* [ACTIVITY]: Return all entries word for word, but drop any images.

* [INPUT MATERIAL]:
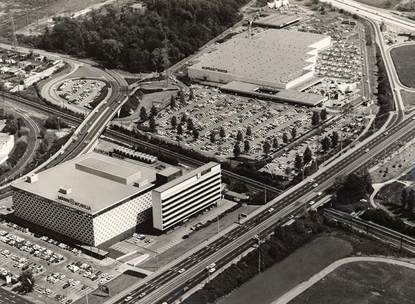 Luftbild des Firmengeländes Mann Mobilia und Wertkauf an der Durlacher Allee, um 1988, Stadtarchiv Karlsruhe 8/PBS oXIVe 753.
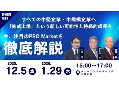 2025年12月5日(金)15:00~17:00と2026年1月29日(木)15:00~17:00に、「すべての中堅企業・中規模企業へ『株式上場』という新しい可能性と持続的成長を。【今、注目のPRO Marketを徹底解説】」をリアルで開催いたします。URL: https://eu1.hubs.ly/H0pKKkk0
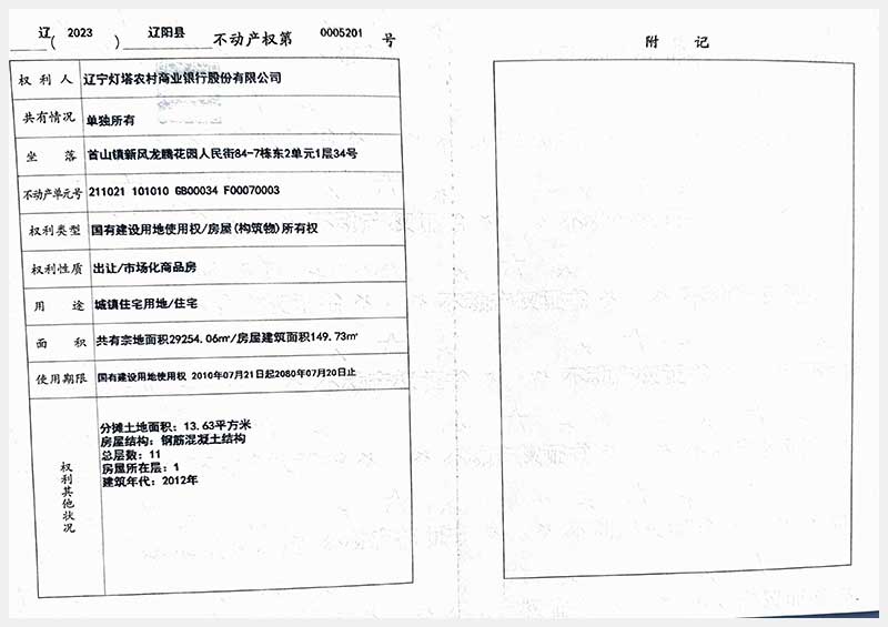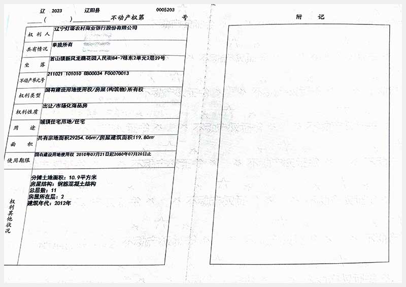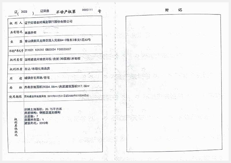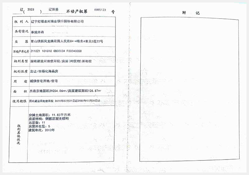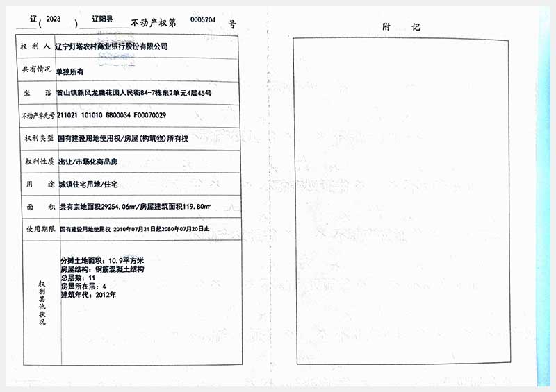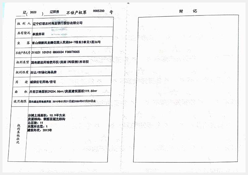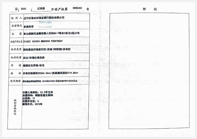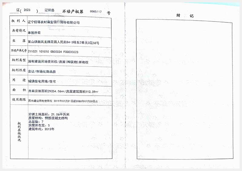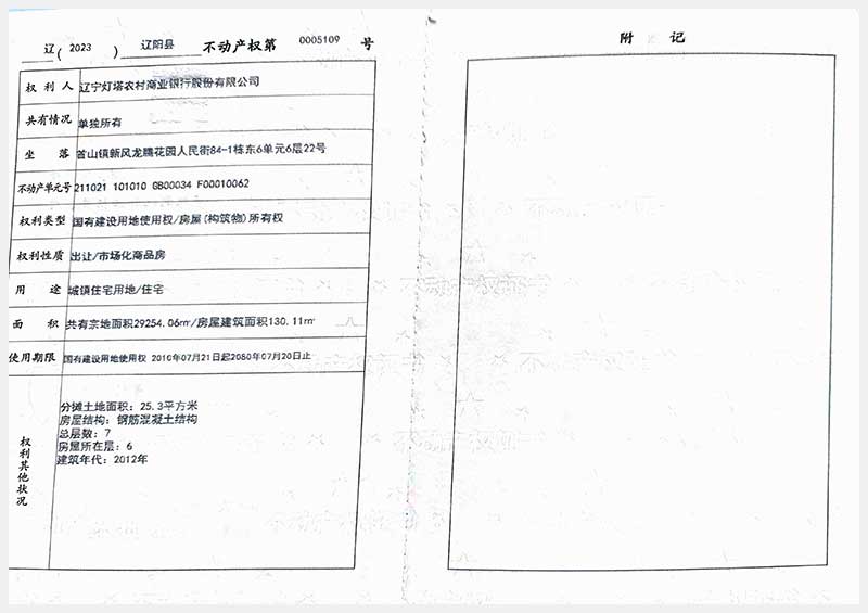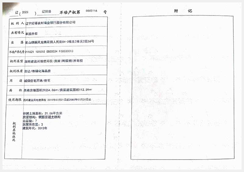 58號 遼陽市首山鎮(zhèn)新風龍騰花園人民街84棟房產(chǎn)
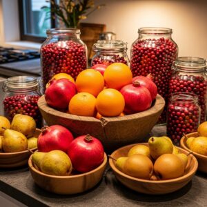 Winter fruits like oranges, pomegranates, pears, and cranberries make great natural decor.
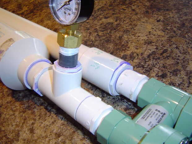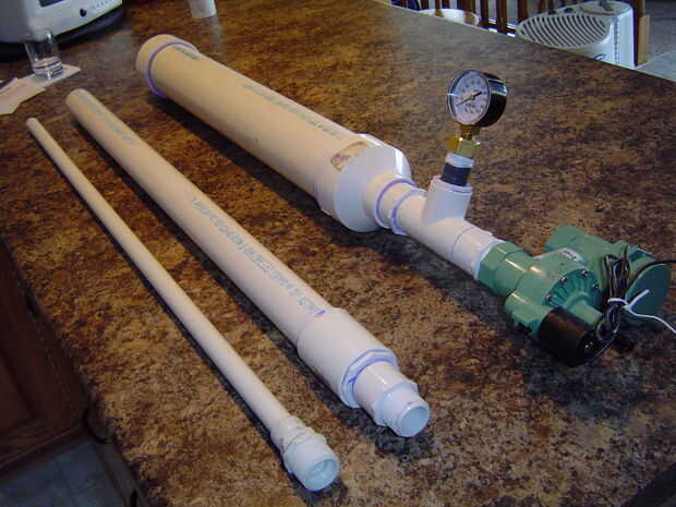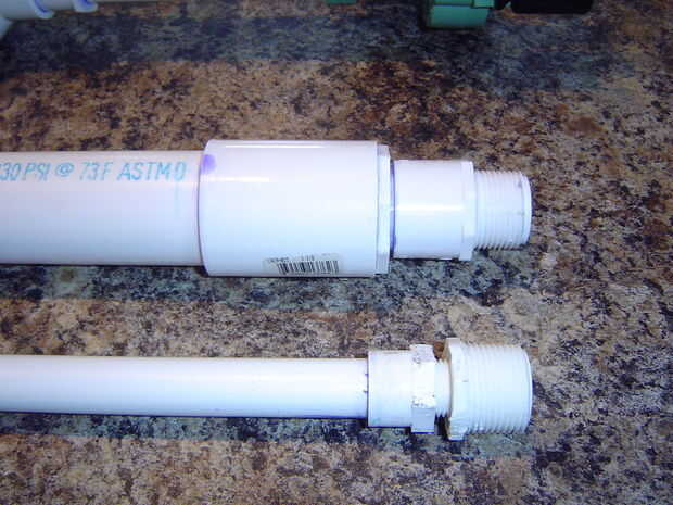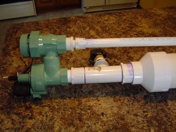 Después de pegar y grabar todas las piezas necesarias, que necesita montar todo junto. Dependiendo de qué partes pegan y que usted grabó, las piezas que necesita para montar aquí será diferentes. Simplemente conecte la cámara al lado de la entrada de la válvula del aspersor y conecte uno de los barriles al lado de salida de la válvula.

* [TASK SOLUTION]:
 Luftbild des Firmengeländes Mann Mobilia und Wertkauf an der Durlacher Allee, um 1988, Stadtarchiv Karlsruhe 8/PBS oXIVe 753.
 2025年12月5日(金)15:00~17:00と2026年1月29日(木)15:00~17:00に、「すべての中堅企業・中規模企業へ『株式上場』という新しい可能性と持続的成長を。【今、注目のPRO Marketを徹底解説】」をリアルで開催いたします。URL: https://eu1.hubs.ly/H0pKKkk0
 58號 遼陽市首山鎮(zhèn)新風龍騰花園人民街84棟房產(chǎn)
 Winter fruits like oranges, pomegranates, pears, and cranberries make great natural decor.
 Después de pegar y grabar todas las piezas necesarias, que necesita montar todo junto. Dependiendo de qué partes pegan y que usted grabó, las piezas que necesita para montar aquí será diferentes. Simplemente conecte la cámara al lado de la entrada de la válvula del aspersor y conecte uno de los barriles al lado de salida de la válvula.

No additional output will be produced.